Deletes Slow on a Oracle BIG Table

I have a table which has around 180 million records and 40 indexes. A nightly program, loads data into this table but due to certain business conditions we can only delete and load data into this table. The nightly program will bring new records or updates to existing records in the table from the source system.We have limited window i.e about 6 hours to complete the extract from the source system, perform business transformations and finally load the data into this target table and be ready for users to consume the data in the morning. The issue which we are facing is that the delete from this table takes a lot of time mainly due to the 40 indexes on the table(an average of 70000 deletes per hour). I did some digging on the internet and see the below options
a) Drop or disable indexes before delete and then rebuild indexes: The program which loads data into the target table after delete and loading the data needs to perform quite a few updates for which the indexes are critical. And to rebuild 1 index it takes almost 1.5 hours due to the enormous amount of data in the table. So this approach is not feasible due to the time it takes to rebuild indexes and due to the limited time we have to get the data ready for the users
b) Use bulk delete: Currently the program deletes based on rowid and deletes records one by one as below
DELETE
FROM <table>
WHERE rowid = g_wpk_tab(ln_i);
g_wpk_tab is the collection which holds rowids to be deleted which is read by looping via FOR ALL and I do an intermediate commit every 50000 row deletes.
Tom of AskTom says in this discussion over here says that the bulk delete and row by row delete will take almost the same amount of time
http://asktom.oracle.com/pls/asktom/f?p=100:11:0::::P11_QUESTION_ID:5033906925164
So this wont be a feasible option as well
c)Regular Delete: Tom of AskTom suggests to use the regular delete and even that takes a long time probably due to the number of indexes on this table
d)CTAS: This approach is out of question because the program needs to recreate the table , create the 40 indexes and then proceed with the updates and I mentioned above an index will take atleast 1.5 hrs to create
If you could provide me any other suggestions I would really appreciate it.
UPDATE: As of now we have decided to go with the approach suggested by https://stackoverflow.com/users/409172/jonearles to archive instead of delete.
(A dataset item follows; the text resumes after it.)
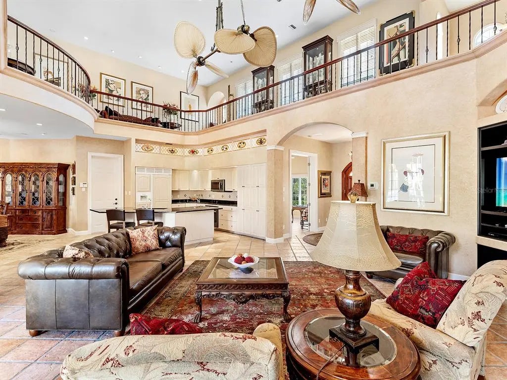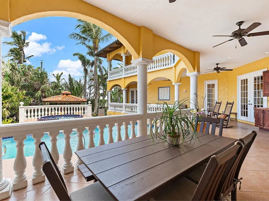 Step into an architectural masterpiece on Venice Island. This custom-built estate is a testament to craftsmanship and global elegance. Spanning over 5,000 square feet, this extraordinary residence blends fine materials from across the world. From the moment you arrive, the grand circular governor’s driveway crafted with brick pavers sets the tone for the sophistication within. The stunning custom Honduran red mahogany double front doors open to reveal a breathtaking interior, where Italian floor tiles and Spanish marble create a seamless fusion of opulence. Custom iron railings, masterfully crafted in Berlin, accentuate the architectural beauty, while exquisite stained glass windows cast a mesmerizing glow throughout the home. The luxurious dual primary suites, one on each level, offer the ultimate in comfort, with the upstairs retreat accessible via a private custom spiral staircase. Both levels feature double-decker balconies spanning the width of the home, providing sweeping views of the resort-style heated and saltwater pool, spa and gazebo. Peek-a-boo views of Robert's Bay greet you from the second-story balcony. Additional highlights include a library with a wet bar and gas fireplace, private gym with an en-suite bath, bath with direct access to the pool, an oversized three-car garage, filtered drinking water throughout the entire home, new roof, two water heaters, three air-conditioning units, 500-gallon underground propane tank, whole-house sound system, Lutron system and security system. Impact glass windows and doors, and a whole-house generator, give you peace of mind during storm season. The home is set on .31 acres and has never experienced flooding, due to its high elevation, according to the owner, making it stand as a testament to superior construction and prime location. This residence is as versatile as it is luxurious, the original owner used the home as an entertainer's paradise, catering political and social events galore. View this architectural marvel today.

Approach is to add a flag to the table to mark the records to be deleted as DELETE and then have a post delete program run during the day to delete off the records. This will ensure that the data is available for users at the right time. Since users consume via OBIEE we are planning to set content level filter on the table to not look at the archival column so that users needn't know about what to select and what to ignore.
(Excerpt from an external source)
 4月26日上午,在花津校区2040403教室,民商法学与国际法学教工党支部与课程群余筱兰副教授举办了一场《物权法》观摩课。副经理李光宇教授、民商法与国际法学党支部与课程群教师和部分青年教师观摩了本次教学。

Parallel DML alter session enable parallel dml;, delete /*+ parallel */ ...;, commit;. Sometimes it's that easy.
Parallel DDL alter index your_index rebuild nologging compress parallel;. NOLOGGING to reduce the amount of redo generated during the index rebuild. COMPRESS can significantly reduce the size of a non-unique index, which significantly reduces the rebuild time. PARALLEL can also make a huge difference in rebuild time if you have more than one CPU or more than one disk. If you're not already using these options, I wouldn't be surprised if using all of them together improves index rebuilds by an order of magnitude. And then 1.5 * 40 / 10 = 6 hours.
Re-evaluate your indexes Do you really need 40 indexes? It's entirely possible, but many indexes are only created because "indexes are magic". Make sure there's a legitimate reason behind each index. This can be very difficult to do, very few people document the reason for an index. Before you ask around, you may want to gather some information. Turn on index monitoring to see which indexes are really being used. And even if the index is used, see how it is used, perhaps through v$sql_plan. It's possible that an index is used for a specific statement but another index would have worked just as well.
Archive instead of delete Instead of deleting, just set a flag to mark a row as archived, invalid, deleted, etc. This will avoid the immediate overhead of index maintenance. Ignore the rows temporarily and let some other job delete them later. The large downside to this is that it affects any query on the table.
Upgrading is probably out of the question, but 12c has an interesting new feature called in-database archiving. It's a more transparent way of accomplishing the same thing.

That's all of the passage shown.